Learn to strategically produce and distribute content that converts social media channels from a time suck to a revenue stream. In this book you’ll learn to plan and manage your time wisely, leverage paid platforms as well as free ones to get the most value for your investment, attract customers for your brand and business, engage with customers and prospects, monetize social media with e-commerce, video and ads, and much more.
Whether you work for a small business, an agency, or a non-profit, your organization should have a content strategy. Content is a necessary evil for businesses online; it isn’t glamorous, but it can lead to amazing growth and success.
What is social media marketing?
Social media marketing is the practice of using social media channels to sell or promote a brand, product or service.
Social media marketing helps businesses:
- Increase brand awareness
- Build engaged communities
- Sell products and services
- Measure how people feel about your business
- Provide customer service on social media platforms
- Advertise their products and services to target audiences
- Track your performance and adjust your strategy accordingly
What is a social media strategy?
A social media strategy is a document outlining your social media goals, the tactics you will use to achieve them and the metrics you will track to measure your progress.
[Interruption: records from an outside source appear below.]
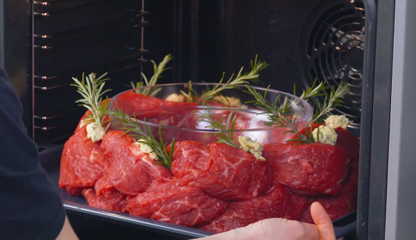 - Pour le beurre aux herbes, mélangez le beurre mou avec l'ail, le thym, le romarin, le sel et le poivre. Recouvrez ensuite la viande de beurre aux herbes et de brindilles de romarin. Assaisonnez également avec du sel et du poivre. Enfournez la plaque pendant 15 minutes à 220 °C, à chaleur tournante. Réduisez ensuite la température à 160 °C et laissez cuire la viande pendant 10 à 15 minutes supplémentaires. Laissez ensuite reposer la viande pendant au moins 15 minutes à température ambiante. Récupérez le jus de viande et mettez-le de côté.
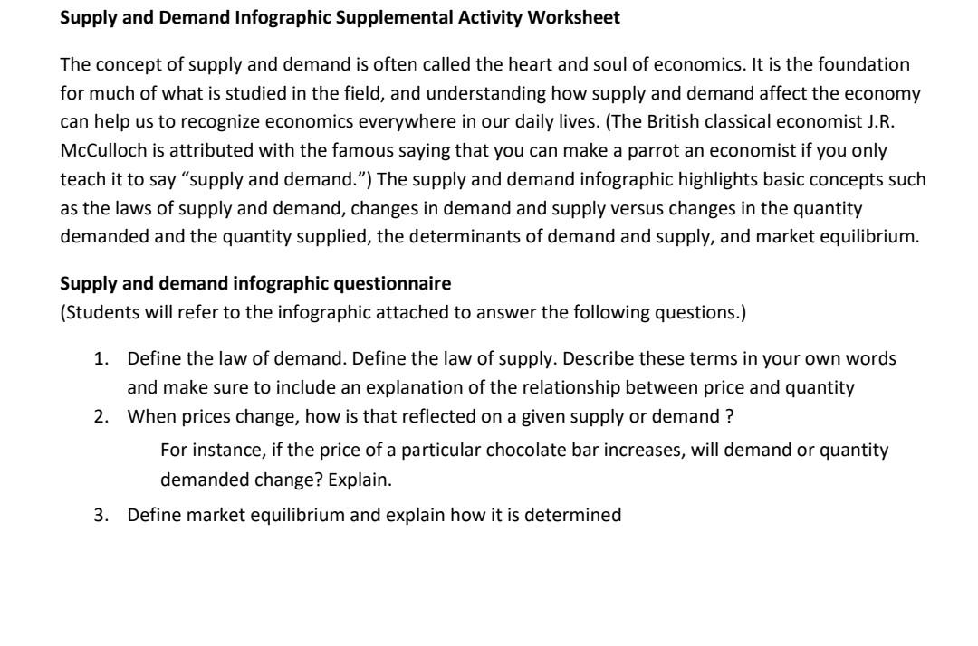Supply and Demand Infographic Supplemental Activity Worksheet
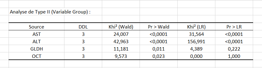 Ensuite le tableau de l’analyse de Type II donne les premiers détails sur le modèle. Il est utile pour évaluer la contribution des variables à l’explication de la variable réponse.
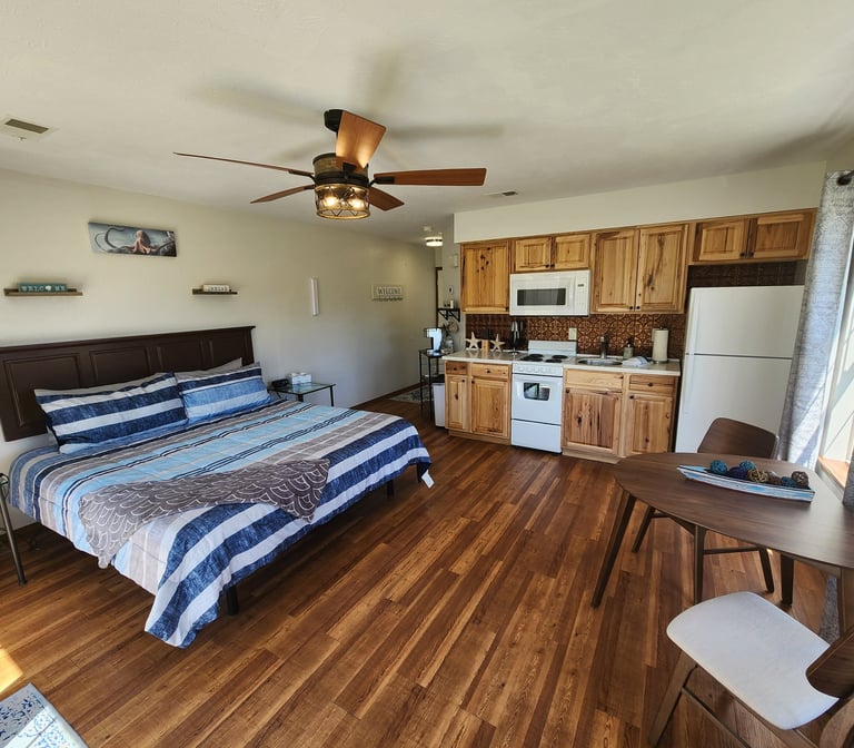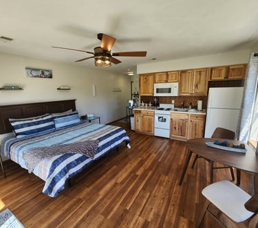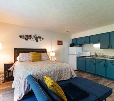This studio at Fall Creek is a 384 Sq Ft. ground floor unit. It has 1 bathroom and one great room with a queen bed, sleeper chair and a kitchenette. It can sleep and dine 3 people with a smart TV for those relaxing evenings. Sit out on the patio and enjoy the scenery. We do have other units in the area that sleeps 6 and 2 if you need more room.
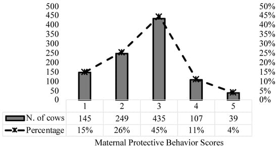 None of the 975 evaluated cows were scored as 6 for MPB, showing that the reaction of running around the pen and trying to escape was not expressed. In addition, no calf was abandoned (MPB = 7) by its mother during the evaluation period. Therefore, these scores were not considered in the statistical analyses. It was observed that the majority of Nellore cows (45%) remained calm, attentive, and close to the calf during the handling procedure, not being aggressive towards the cowhands. However, considering that 4% of the cows reacted aggressively towards the cowhands during the handling procedure, it is imperative to handle them carefully to avoid animal welfare-related issues and/or labor accidents (Figure 1).
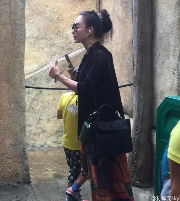 张柏芝戴着一个黑色墨镜。

Your social media marketing strategy should also list all of your existing and planned social media accounts along with goals specific to each platform you’re active on. These goals should align with your business’s larger digital marketing strategy.
Finally, a good social media plan should define the roles and responsibilities within your team and outline your reporting cadence.
Identify and set goals
The first step towards a long-term social media strategy is to set your content goals. Having goals in mind will help you start planning out the type of content to create.
This process involves digging deep into your brand values as well as researching your audience.
Start by getting clear on your overall marketing goals and how you want your content marketing strategy to serve those goals. The more specific your marketing goals are, the better you will be able to tailor your social media content to meet those goals. For example, let’s say that your marketing goals are to convert more sales from social media. Then your strategy should incorporate posts that move people to a landing page or another part of your marketing funnel.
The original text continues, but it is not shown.